If there are 20,000 people of interest and MI5 has the resources to keep tabs on 3,000 of them, then it is inevitable people will slip under the radar. The bigger question is whether people who declared their terrorist intent on a Channel 4 documentary ought to have been kept under closer supervision — and, if so, what kind of resources that would require. Another question is how many foreign nationals on terror watch-lists are living here — and ought more to be done to keep an eye on them? This is not about passing new laws, but making better use of old ones.

This was a needless election, intended to be a coronation for the Prime Minister. It turned into a white–knuckle ride at times. Mrs May’s weaknesses have been highlighted rather than her strengths, which is unfortunate. It was extraordinary to see her at one point forced on the defensive on security by Jeremy Corbyn. The reason she was able to cut police numbers is that she was so successful in cutting crime; and the police response on London Bridge was rapid and effective. Yet she struggled to make this point.

We have also seen that she struggles to work with her cabinet, keeping them in the dark and instead preferring to rely on the advice of the aides who were with her at the Home Office. The difficulty she has running a larger team has been exposed as her single greatest weakness. It is not like an England cricket captain having a ragbag of players imposed on him by an aloof selectors’ committee — a Prime Minister has the sole right to decide whom to appoint to the cabinet, and to which jobs within the cabinet.

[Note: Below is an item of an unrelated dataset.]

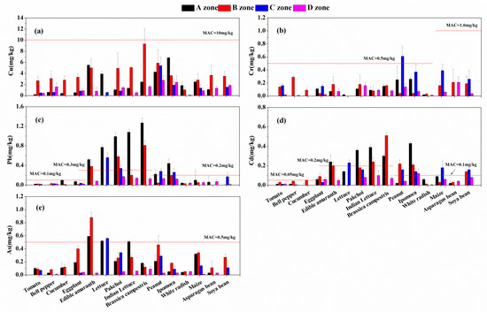 In present study, the maximum allowable concentration (MAC) of food standard (GB2762-2017) is presented in Table S3. Compared to 15 species of vegetables and crops, the highest Cu contents were found in brassica campestris (Figure 4a), which almost surpassed the MAC value, while the higher Cr content was determined in peanut (Figure 4b). Moreover, the species exceeding rates of Cu and Cr were 6.7%. According to the MAC, Pb and Cd contents in most leaf vegetables were found above the criterion line as shown in Figure 4c,d, whereas relatively low concentration was found in tomato, bell pepper, white radish, and asparagus bean. In contrast, several crop types including peanut, ipomoea, maize and soya bean showed the higher accumulation ability for Pb and Cd. So, the percentage of vegetables and crops that exceed the MAC value is 66.7% for Pb and 80.0% for Cd. For As, only 26.7% species exceed the MAC, and the contents of As in the vegetables are listed in Figure 4e, the higher value can be observed in leaf vegetables, especially in edible amaranth.

The Prime Minister’s successes lie in areas that we do not hear much about, one of them being Brexit. On the withdrawal negotiations, at least, she has set out clear para-meters. She has made it clear that Britain will withdraw from the single market and the customs union and instead seek a free trade agreement with the EU, as well as opting into pan-European forms of co-operation on issues such as security. To Jeremy Corbyn’s credit, he too resisted the calls from Blair and Mandelson to maintain opposition to Brexit. He could see that the public has largely accepted Brexit.

During the past few weeks, Theresa May tried to campaign without her colleagues — and found herself wanting. She needs them more than she imagined she did. Just as Britain has to rebuild its relationship with the rest of the EU, she will have to rebuild hers with the Conservative party.